» Information shown:
:::

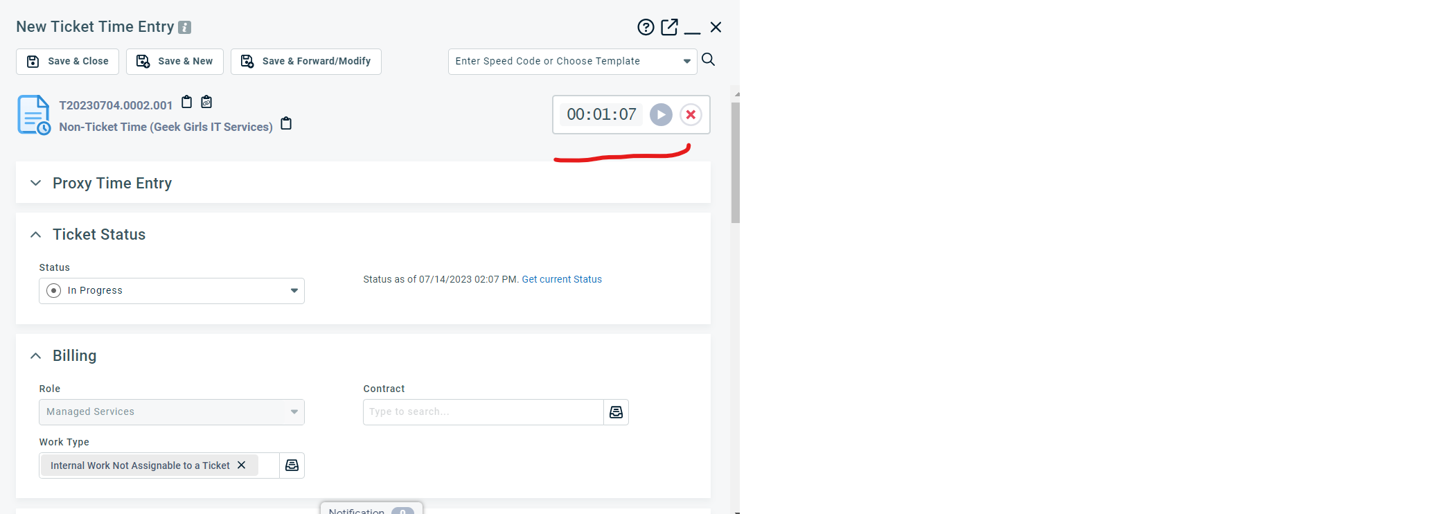 Technicians and temporary employees should enter all the time they work, not just customer ticket time, in Autotask. You should use the current instance of the ticket template called Non-Ticket Time. The template number is: T20230704.0002.000.
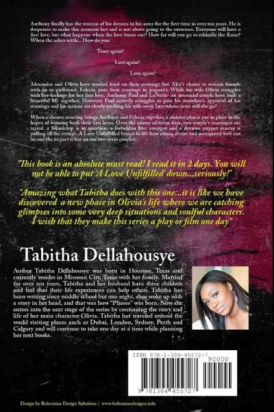 Anthony finally has the woman of his dreams in his arms for the first time in over ten years. He is desperate to make this moment last and is not above going to the extremes. Everyone will have a first love, but what happens when the love burns out? How far will you go to rekindle the flame? When the ashes settle . . . How do you: Trust again? Lust again? Love again? Alexander and Olivia have worked hard on their marriage but Alex's choice to remain friends with an ex-girlfriend, Felecia, puts their marriage in jeopardy while his wife Olivia struggles with her feelings for her first love, Anthony. Paul and LaNette - an interracial couple have built a beautiful life together but Paul secretly struggles to gain his mother's approval of this marriage and his actions are slowly pushing his wife away. A Love Unfulfilled brings to life how strong desire and unrequited love can be and its impact on these couples over the course of seven days.
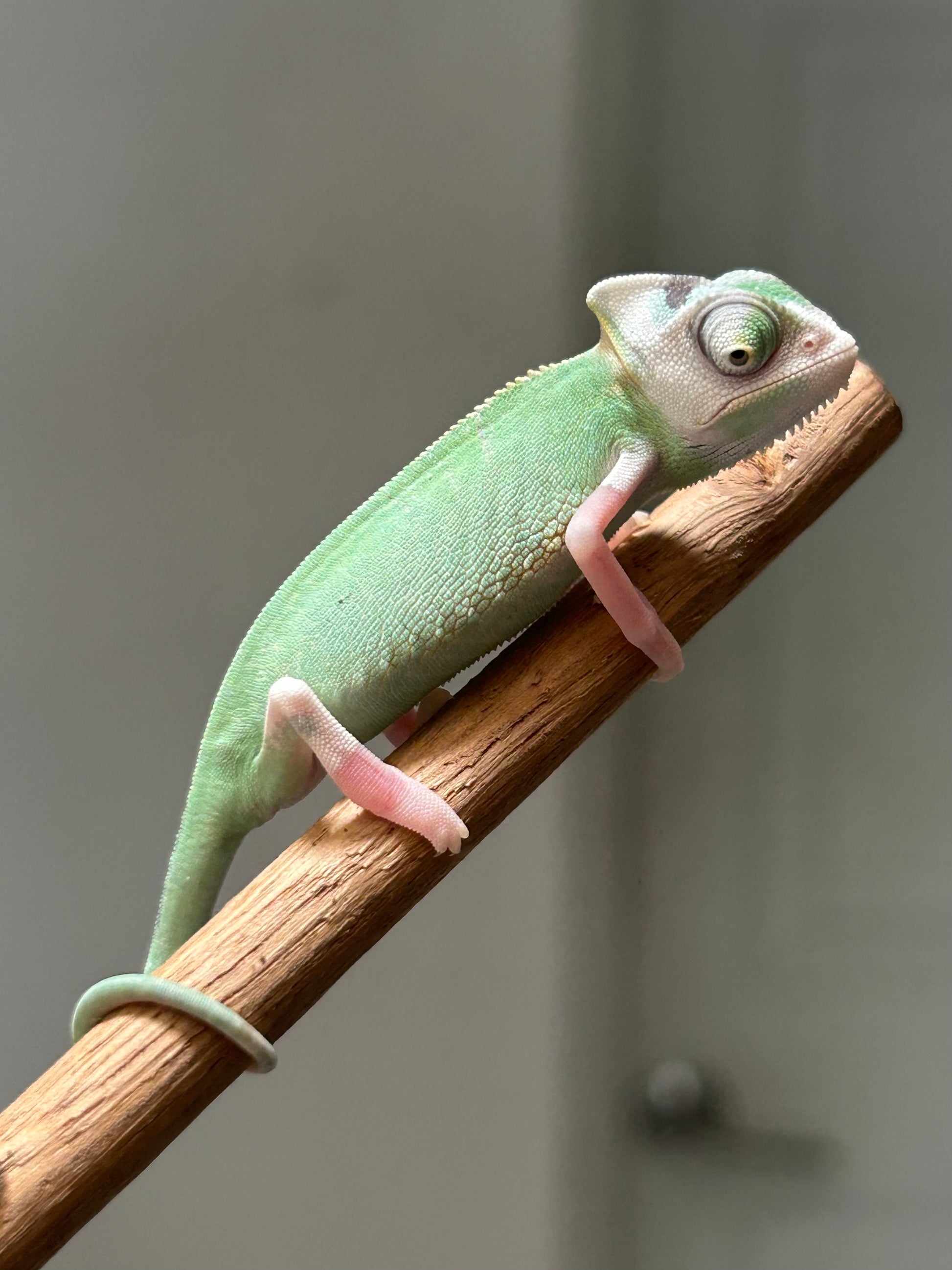 Este es un camaleón de velo (Chamaeleo calyptratus) de fase High Pied hembra cría.

:::

» Task: Every line of the material must be returned exactly; leave the images out.

» Answer space:
 Technicians and temporary employees should enter all the time they work, not just customer ticket time, in Autotask. You should use the current instance of the ticket template called Non-Ticket Time. The template number is: T20230704.0002.000.
 Anthony finally has the woman of his dreams in his arms for the first time in over ten years. He is desperate to make this moment last and is not above going to the extremes. Everyone will have a first love, but what happens when the love burns out? How far will you go to rekindle the flame? When the ashes settle . . . How do you: Trust again? Lust again? Love again? Alexander and Olivia have worked hard on their marriage but Alex's choice to remain friends with an ex-girlfriend, Felecia, puts their marriage in jeopardy while his wife Olivia struggles with her feelings for her first love, Anthony. Paul and LaNette - an interracial couple have built a beautiful life together but Paul secretly struggles to gain his mother's approval of this marriage and his actions are slowly pushing his wife away. A Love Unfulfilled brings to life how strong desire and unrequited love can be and its impact on these couples over the course of seven days.
 Este es un camaleón de velo (Chamaeleo calyptratus) de fase High Pied hembra cría.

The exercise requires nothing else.